Two problems from Differential Equations; Dynamical Systems, and an Introduction to Chaos (Morris W. Hirsch,Stephen Smale.Robert L. Devaney), examples page 112,113:
If $$A= \begin{pmatrix} 2 & 0 & -1 \\ 0 & 2 & 1 \\ -1 & -1 & 2 \\ \end{pmatrix}$$ … $\lambda =2 , m_{\lambda}=3$ $rank(A-2I)=2 , n_{\lambda}=1 ,k= m_{\lambda}- n_{\lambda}+1=3$ so $$p= \begin{pmatrix} 1& 0 & 1 \\ -1 & 0 & 0 \\ 0 & -1 & 0 \\ \end{pmatrix}$$ by $v_2=(A-2I)v_3, v_1=(A-2I)v_2, v_3 : \begin{cases} (A-2I)^3v_3= 0\\ (A-2I)^2v_3 \not = 0\\ \end{cases} $But $p^{-1}Ap \not =J$ $$p= \begin{pmatrix} 0& 0 & 0 \\ 0& 1 & 0 \\ 0 & 0 & 1 \\ \end{pmatrix} \not = \begin{pmatrix} 2& 1 & 0 \\ 0 & 2 & 1 \\ 0 & 0 & 2 \\ \end{pmatrix}$$ what’s wrong?!

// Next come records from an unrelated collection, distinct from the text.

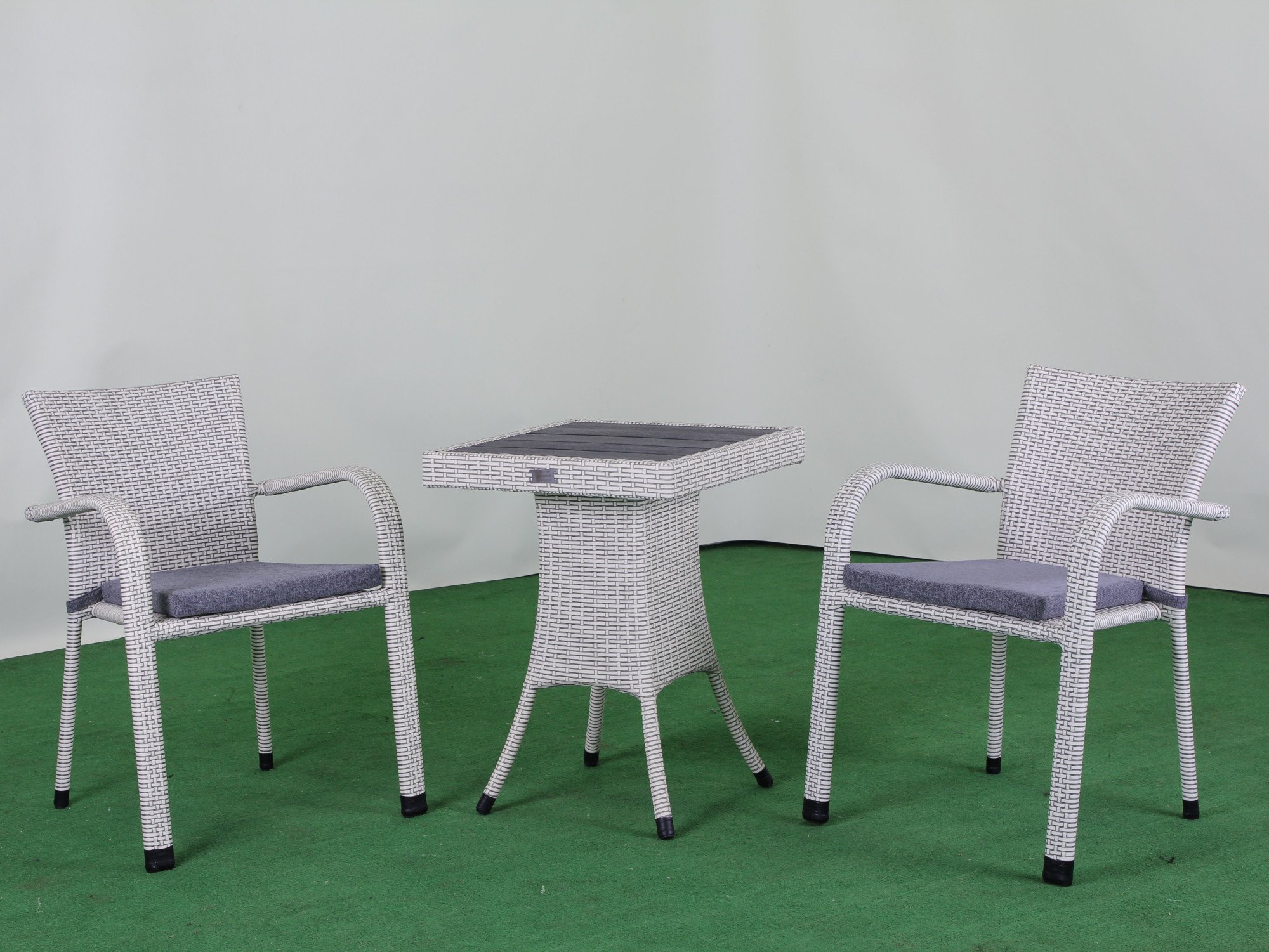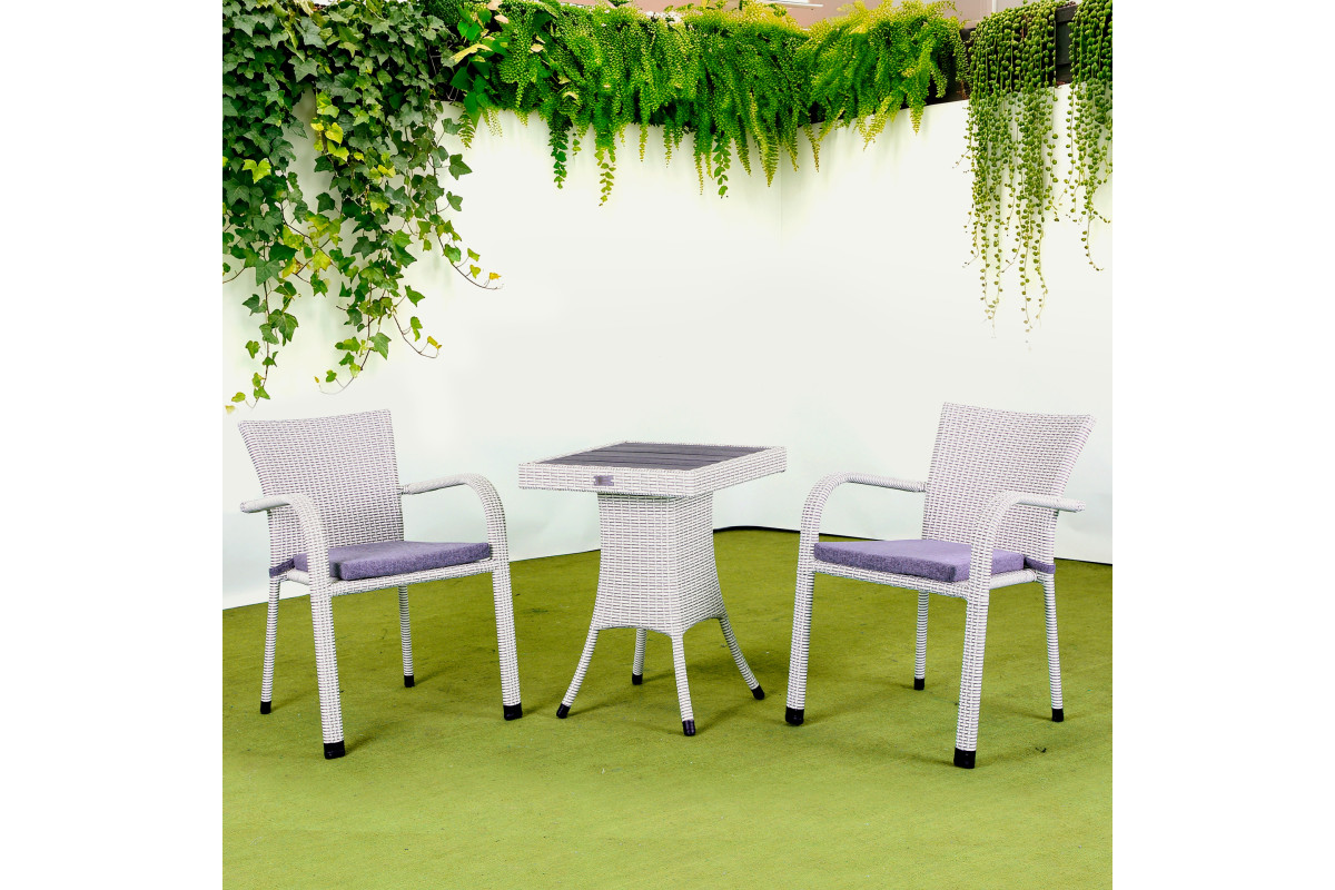 Комплект садових меблів Greengard Терра — стильне та сучасне рішення для облаштування затишного балкона чи невеликої зони відпочинку. Набір складається зі столу та двох стільців із підлокітниками. Штучний ротанг забезпечує легкість та привабливий вигляд, а стільниця з терасної дошки додає практичності та стійкості до щоденного використання. Металевий каркас гарантує надійність конструкцій і довговічність.
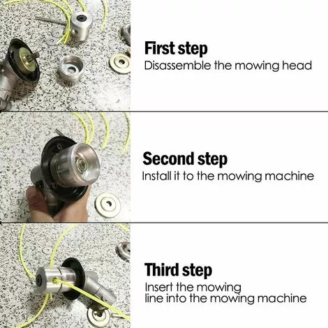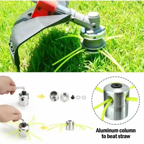 Application : la tête de débroussailleuse s’adapte à toutes les débroussailleuses courantes, tondeuses à gazon à gauche et est idéale pour tondre et désherber.
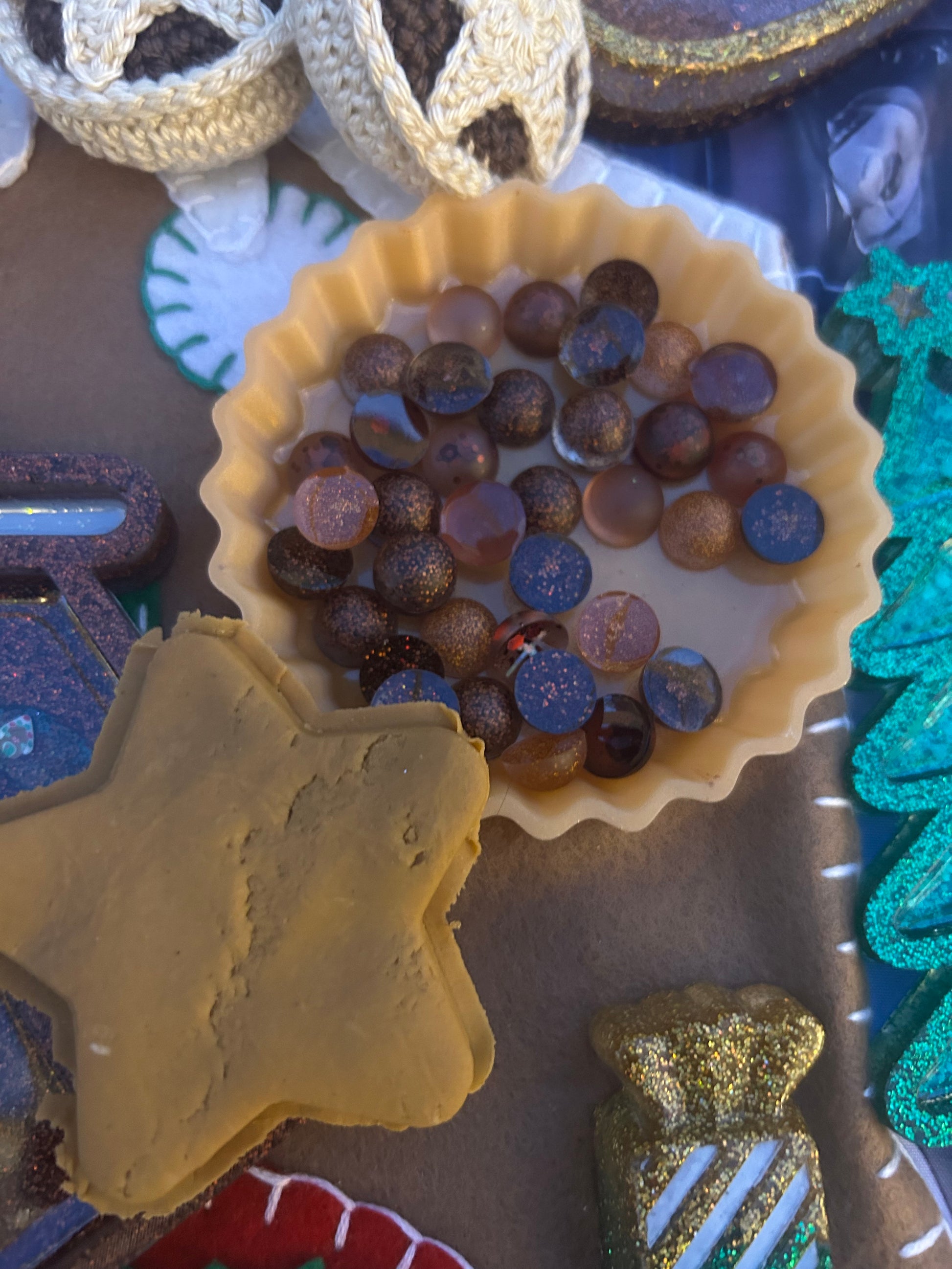 Mince pie kit consists of a resin tart case, a 3D printed star playdough cutter (designed & printed by myself) and a micro bag of brown (mince meat) Reusabase
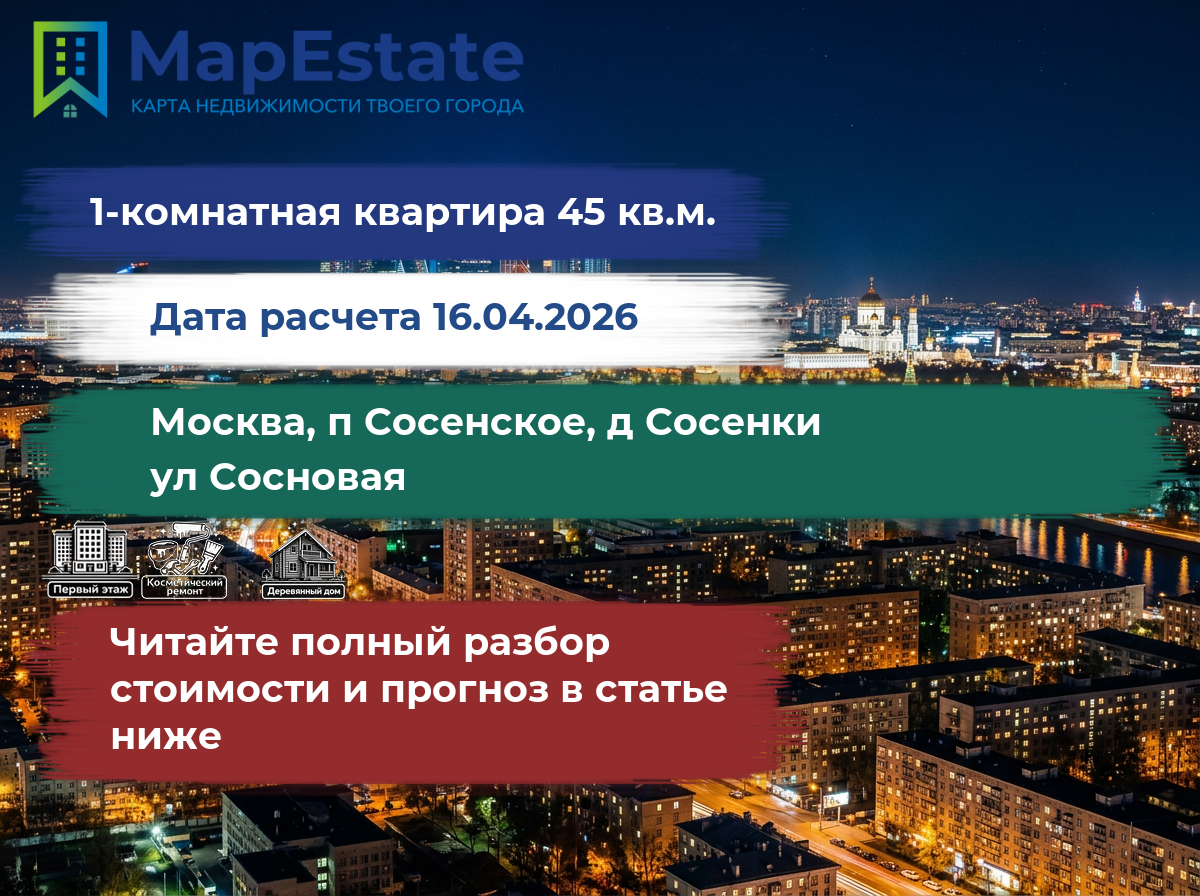 Сколько стоит квартира 45 м² в москва, п сосенское, д сосенки, ул сосновая?

I will assume you understand how they derived $P$. (If not, please respond).
We have:
$$P= \begin{pmatrix}1& 0 & 1 \\-1 & 0 & 0 \\0 & -1 & 0 \end{pmatrix}$$
This give us:
$$P^{-1}= \begin{pmatrix} 0 & -1 & 0 \\0 & 0 & -1 \\1 & 1 & 0 \end{pmatrix}$$
From this we get:
$$P^{-1}AP = \begin{pmatrix} 0 & -1 & 0 \\0 & 0 & -1 \\1 & 1 & 0 \end{pmatrix} \cdot \begin{pmatrix}2 & 0 & -1 \\0 & 2 & 1 \\-1 & -1 & 2 \end{pmatrix} \cdot \begin{pmatrix}1& 0 & 1 \\-1 & 0 & 0 \\0 & -1 & 0 \end{pmatrix} = \begin{pmatrix}2 & 1 & 0 \\ 0 & 2 & 1 \\0 & 0 & 2\end{pmatrix}$$
This validates the authors' solution.
Did you calculate $P^{-1}$ or the product $P^{-1}AP$ incorrectly?